The Current Sauce • KNWD

Purple Media Network

The Official Student Media of Northwestern State University of Louisiana

Purple Media Network

Purple Media Network

KNWD LIVE

The women’s march has a problem

The+womens+march+has+a+problem

ELLIOT ANGELO DAVIS
Opinion Columnist

When I arrived at the Women’s March in Shreveport at the Caddo Parish Courthouse Saturday, I was greeted by a program of the day’s events that dedicated much of its space to a list of rules. These rules emphasized that exercising our free speech is not a fun hobby, but serious business, and that we must remain on the sidewalks while marching.

As the first speaker took the stage, this message that resistance cannot be joyful, and must not be disruptive, was reiterated before anything else. Other speakers asserted that, while coming to the march was good, the important thing was that we voted.

One speaker professed her gratitude that we still have the right to peacefully assemble; I waited for a demand to action – the assertion that this bare minimum of acceptance was not enough, but it never came.

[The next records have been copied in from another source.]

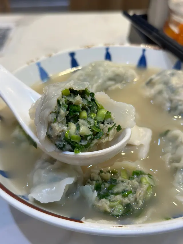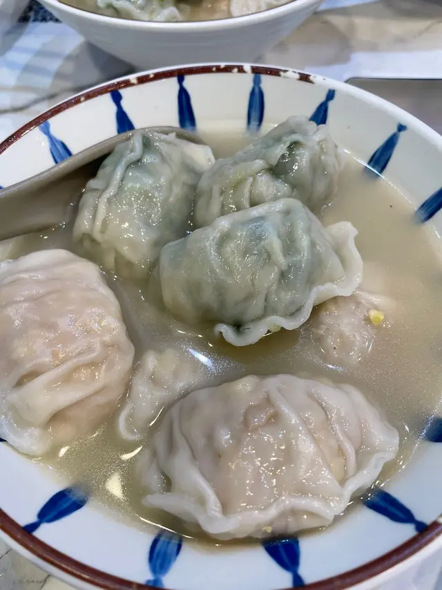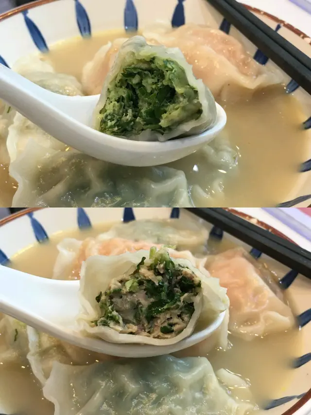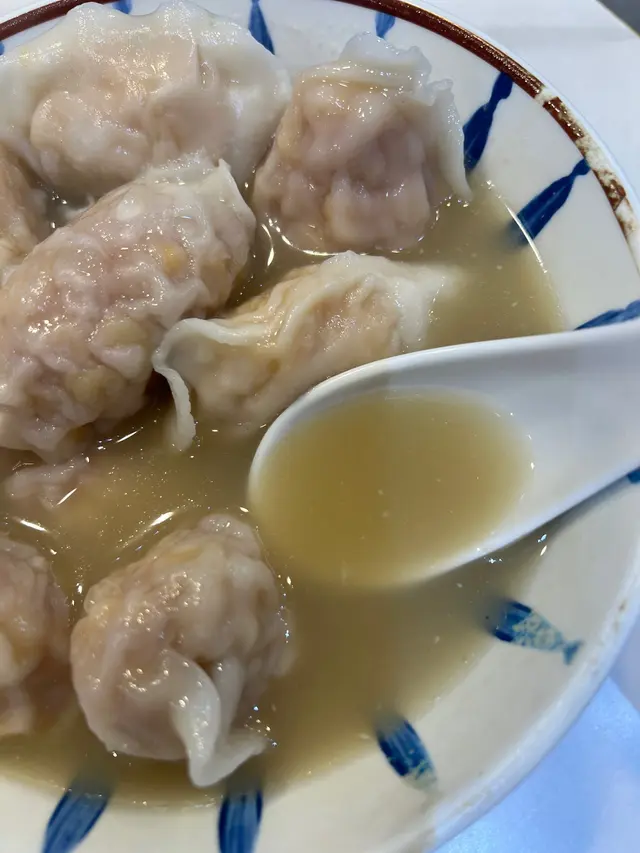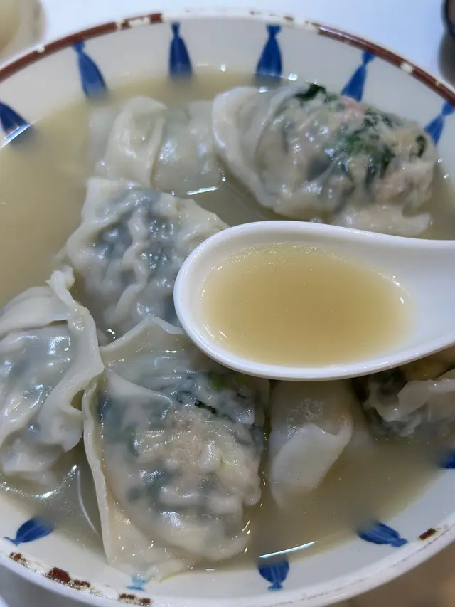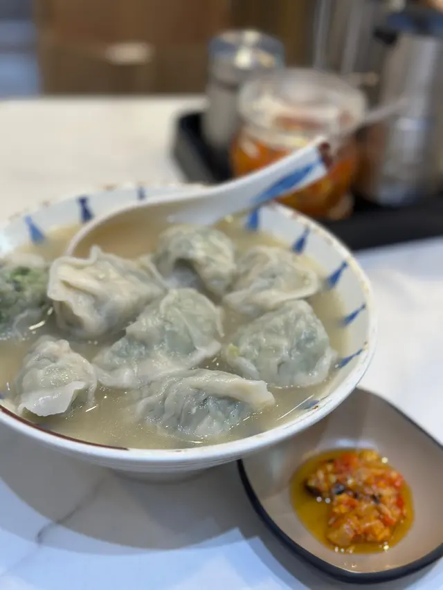 滋潤雪梨茶~下午茶餐配飲品,而且不用加錢可以配雪梨茶,酸甜度幾爽。迷你版有5隻湯餃,湯底是野葛菜生魚豬骨湯,食店標榜每天新鮮熬製4小時不加味精,牆壁上的餐牌還註明湯底的功效,誠意可加。
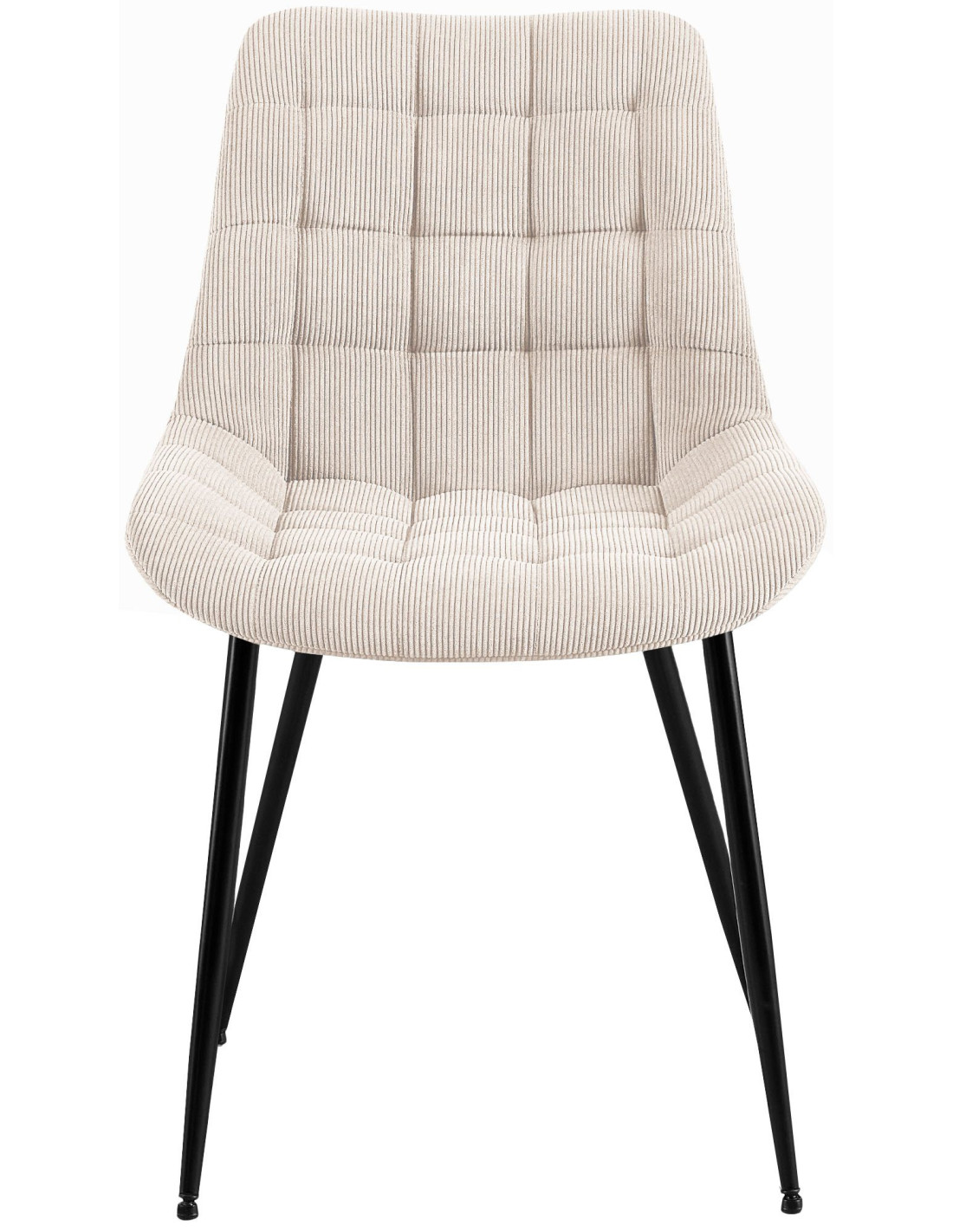 Chaise matelassée moderne Velours côtelé Blanc crème Métal Noir Mat Brioni
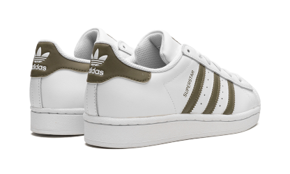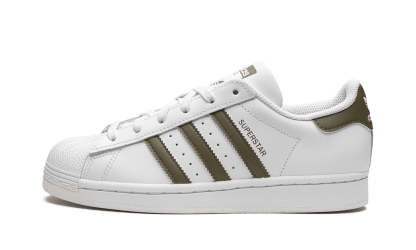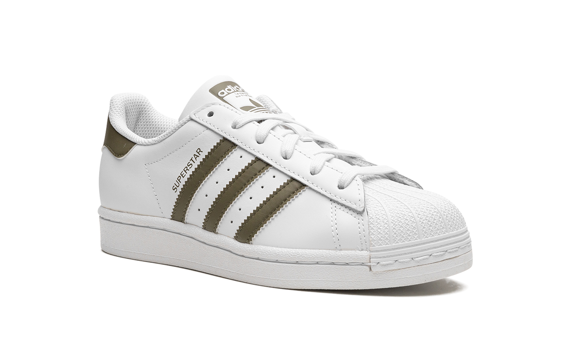 The Superstar GS 'Olive' shoe features a classic design in a rich olive colorway, making it a versatile and stylish addition to any sneaker collection.

When it began, the march remained dutifully confined to the sidewalk, doing two loops around the courthouse, declaring to everyone that while we were present, we could be safely ignored.

We would not disrupt anything or step outside of the system we were opposing. We would not even take to the barren streets and risk inconveniencing minimal traffic for 15 minutes or so.

This degradation of mass movements and the power of individuals acting together is truly sad and disappointing.

The power of the people, united, and the energy of a crowd, is an immense, beautiful and joyful thing. That power and energy has been the impetus for change in every radical movement, every revolution, every act of liberation throughout history.

When we are made to be grateful that we may pay money for the right – which has always been ours – to peacefully assemble, but only so long as we do not disrupt anything or take to the streets – which have always been ours – our spirit, our energy, our joy and our power is stifled by the very same people who are trying to harness it.

The idea of a crowd of people storming the Capitol now that they’ve “shut down,” of demanding and then building a new system of government that is equipped to hear the people it claims to represent, sounds inconceivable in the modern day.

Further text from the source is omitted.